The other hugely relevant innovation brought in by the Government are the environmental land management schemes, or ELMS. The Government described those schemes as being founded on the principle of public money for public goods, but Ministers have declined our reasonable invitation to designate food security as a public good—as the Minister will be aware, the NFU has been calling for that for some time. Will the Minister explain why?
I did not come here today to be all doom and gloom. The environmental challenges facing our food system are worrying, but they are also an opportunity for the best of technological innovation. Our Committee has been keen to examine over this Parliament how technology can help us to address to environmental and climate changes that we face. Modern technology—be it the use of artificial intelligence and drones to pinpoint the use of fertiliser, the use or methane-suppressing food additives, or alternative proteins such as insects, now mostly grown in labs—opens up new ways of producing food while minimising the environmental impact. I am sure that we will hear a lot about that from my right hon. Friend the Member for Tunbridge Wells.

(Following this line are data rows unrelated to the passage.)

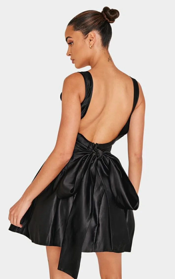 This black bow back detail skater dress will add a touch of chic to any wardrobe this season. Brought to you in a must have black shade, with a statement bow back design and flattering skater style, what’s not to love? Style with a pair of heels and minimal accessories to complete the look.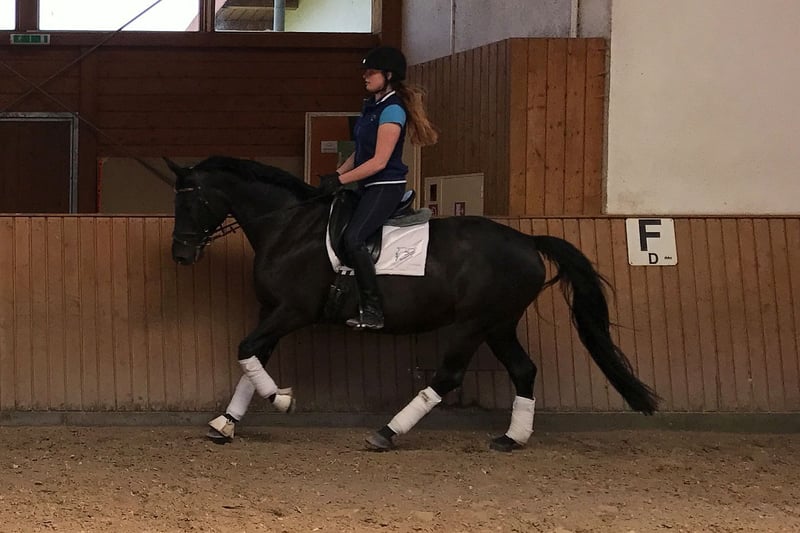 Visítenos y conozca a Ruby Dawn - ¡la perla negra de nivel avanzado (S)! Esta yegua fácil de montar, con tres aires básicos muy buenos y una alzada de 1,66 metros, está ahora entrenada hasta el nivel avanzado de doma clásica y tiene todo lo que el corazón de un jinete desea. Desgraciadamente, suele estar muy tensa en los concursos, por lo que no la hemos mostrado mucho, pero hace poco quedó segunda en una prueba de doma de nivel medio**. Ya sea para el jinete precavido al que le gustaría dar clases exigentes o para el jinete de ocio exigente en campo a través, Ruby Dawn es la compañera perfecta. Al manejarla y montarla, siempre tiene las ideas claras, es digna de confianza y fácil de manejar. También es fácil de forjar y cargar. Déjese convencer por el talento y el carácter de Ruby Dawn. Ruby Dawn está deseando encontrar un nuevo hogar donde seguir recibiendo apoyo y cariño.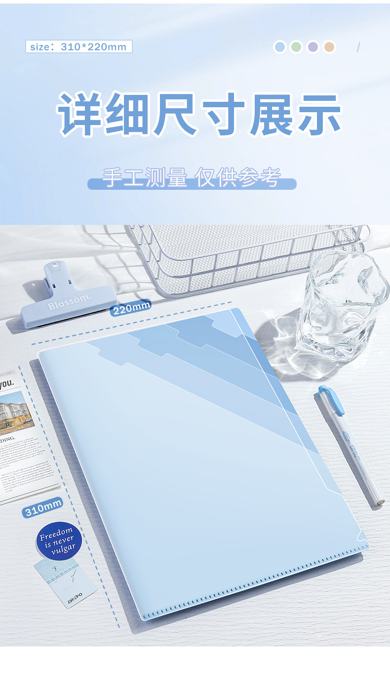 A4グラデーションカラー回転側ボタンファイル振り子クリップ学生試巻事務契約琴譜カラー収納クリップ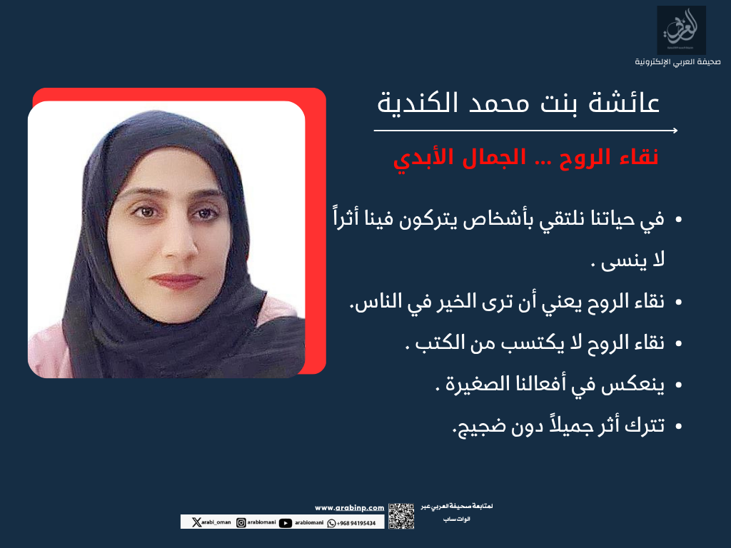 نقاء الروح لا يكتسب من الكتب أو التجارب وحدها بل من التربية الصادقة والإيمان العميق بأن الخيريعود إلى صاحبه مهما تأخر، و أجمل ما في نقاء الروح أنه لا يتأثر بملامحنا أو مكانتنا بل ينعكس في أفعالنا الصغيرة في احترامنا للأخرين وفي قدرتنا على نشر السلام في محيطنا أما بالنسبة لجمال الخارجي قد يبهرك لحظة ولكن جمال الروح يسكن القلب ويترك بصمة إيجابية في المجتمع يصعب محوها . لنجعل من نقاء أرواحنا مرآه لقلوبنا ولنكن كالنسمة التي تمر برفق وتترك أثر جميلاً دون ضجيج وكالشمس التي تنير الطريق لمن حولها فلنجعل من كل يوم فرصة لتعزيزهذا النقاء ولنحرص دائماً على أن نحيا حياة تملؤها الرحمة والصفاء لأن في ذلك تكمن السعادة الحقيقية ومن هنا ينبع المعنى الأعمق لوجود الإنسان.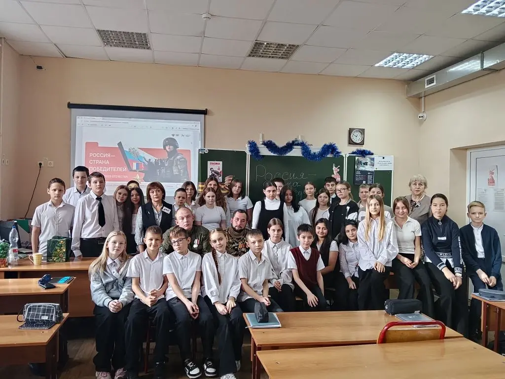 В преддверии этой даты в школе N1 им. Б. П. Юркова прошла встреча учащихся с участниками СВО Николаем Поповым и Евгением Войновым. Также гостьей нашей школы стала социальный координатор фонда «Защитники Отечества» Ирина Юрьевна Трухинцова.
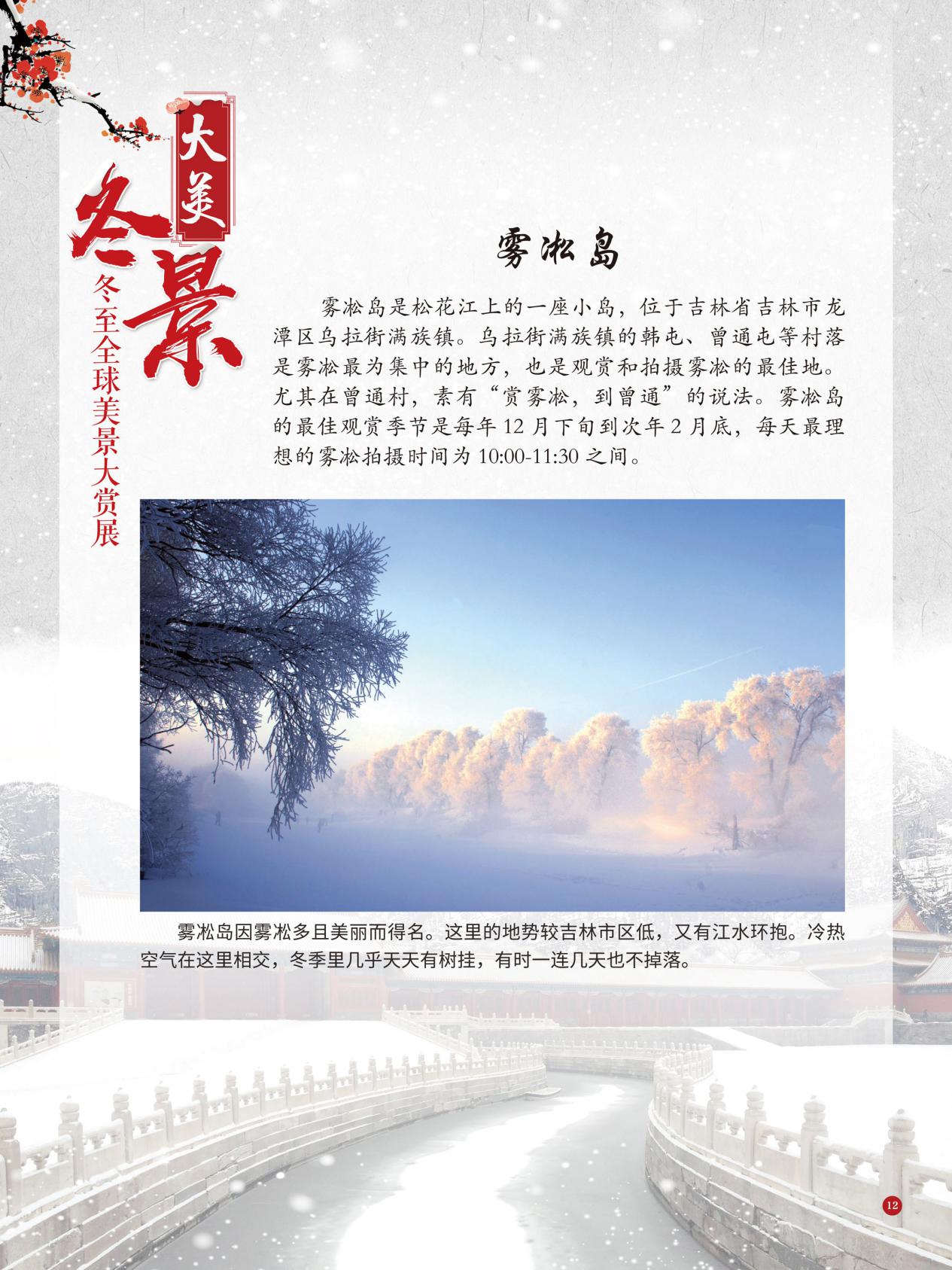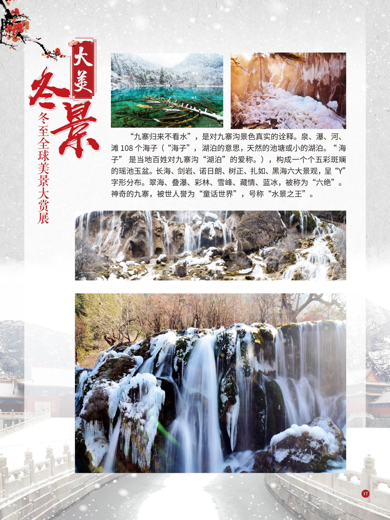冬至是中国民间的传统节日,于每年公历12月21日至23日交节。冬至是四时八节之一,被视为冬季的大节日,在古代民间有“冬至大如年”的讲法,所以古人称冬至为“亚岁”或“小年”。冬至兼具自然与人文两大内涵,是二十四节气中一个重要的节气。 冰雪,是冬天谱写的一曲曲华丽乐章,是毛主席笔下的“北国风光,千里冰封,万里雪飘” ,是杜甫笔下的“窗含西岭千秋雪,门泊东吴万里船”, 是岑参笔下的“忽如一夜春风来,千树万树梨花开”,是柳宗元笔下的“孤舟蓑笠翁,独钓寒江雪”……地域不一样,冬天谱写的冰雪乐章也不一样,即便是同一处冰雪胜景,不同的人品出的也是不一样的味。冬天的美景是大自然的馈赠,本展览主要介绍冬至来临之后全球的冰雪美景奇观,带大家一起领略冬季的风采,探寻大自然的奥秘!

In response to our recommendations on expanding the incentives for farmers to take technological innovations, the Government increased the farming equipment and technology grant to a maximum of £50,000 per farm, and increased its overall budget to £70 million, which I welcome.
The fact that three Select Committees are here to represent recent reports on different aspects of food security shows how important the subject is. We are not alone: the International Development Committee is in
the middle on an inquiry on hunger and nutrition. I thank the Liaison Committee for granting time for the debate, and I thank the Government for their response to the Environmental Audit Committee report on environmental change and food security. I commend the report to the House.